# Hortlatmak



## granturco

Selam

"Eski bir konuyu tekrar hortlatmak istemem."

Böyle bir cümle kurmak istiyorum. Fakat "hortlatmak" fiilini nasıl ifade edebileceğimi çözemedim.

Yardımınız için şimdiden teşekkürler...

granturco***


----------



## shiningstar

Merhaba,

Sanırım sorduğun konuyla ilgili çok uygun bir deyim vardı ama şu anda aklıma gelmiyor. Yine de bir yardımı dokunabilir diyerek kendi yorumumu veriyorum:

"I don't want to rise a dead/old matter again but..."

"Ölü/eski bir meseleyi yeniden diriltmek istemiyorum ama..."


----------



## shafaq

Başka bir deyişle:
I don't want to cause an old/past matter to *rise from dead/grave*.


----------



## congergs

Şayet hortlatılan bir forum konusuysa (  ) "necrobump"la çevrilebilir.


----------



## RimeoftheAncientMariner

granturco said:


> Selam
> 
> "Eski bir konuyu tekrar hortlatmak istemem."
> 
> Böyle bir cümle kurmak istiyorum.

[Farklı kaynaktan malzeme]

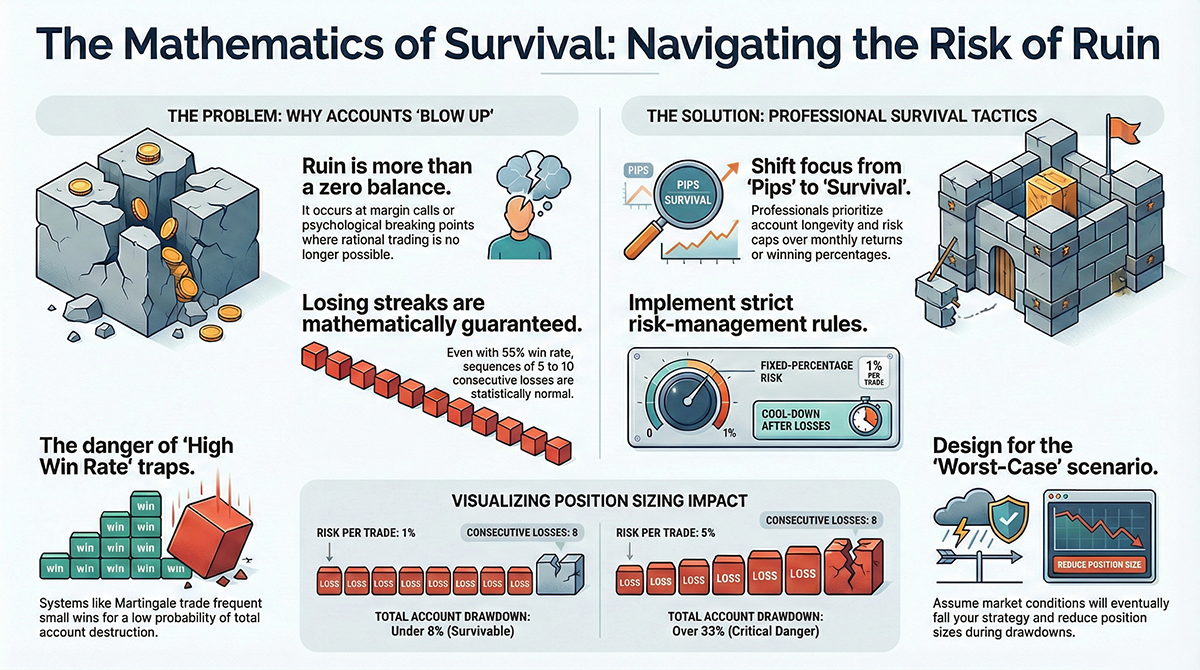 Risk of ruin explains why many traders and EAs fail over time. Learn how probability, account survival, and loss streaks determine whether your trading system lives or dies.

Fakat "hortlatmak" fiilini nasıl ifade edebileceğimi çözemedim.
> 
> Yardımınız için şimdiden teşekkürler...
> 
> granturco***


I would not want to resurrect/reincarnate/recollect/necro-post/raise back from the dead, a matter of the past/ a matter that is so obsolete..


----------



## Şafak

shafaq said:


> Başka bir deyişle:
> I don't want to cause an old/past matter to *rise from dead/grave*.


Brother Shafak   



congergs said:


> necrobump


Bu yepyeni lafı herkesin anlayacağını sanmıyorum maalesef.


----------



## Meraklı

hortlamak-son bulduğu zannedilen kötü bir şeyin tekrâr ortaya çıkması, peydahlanmak


----------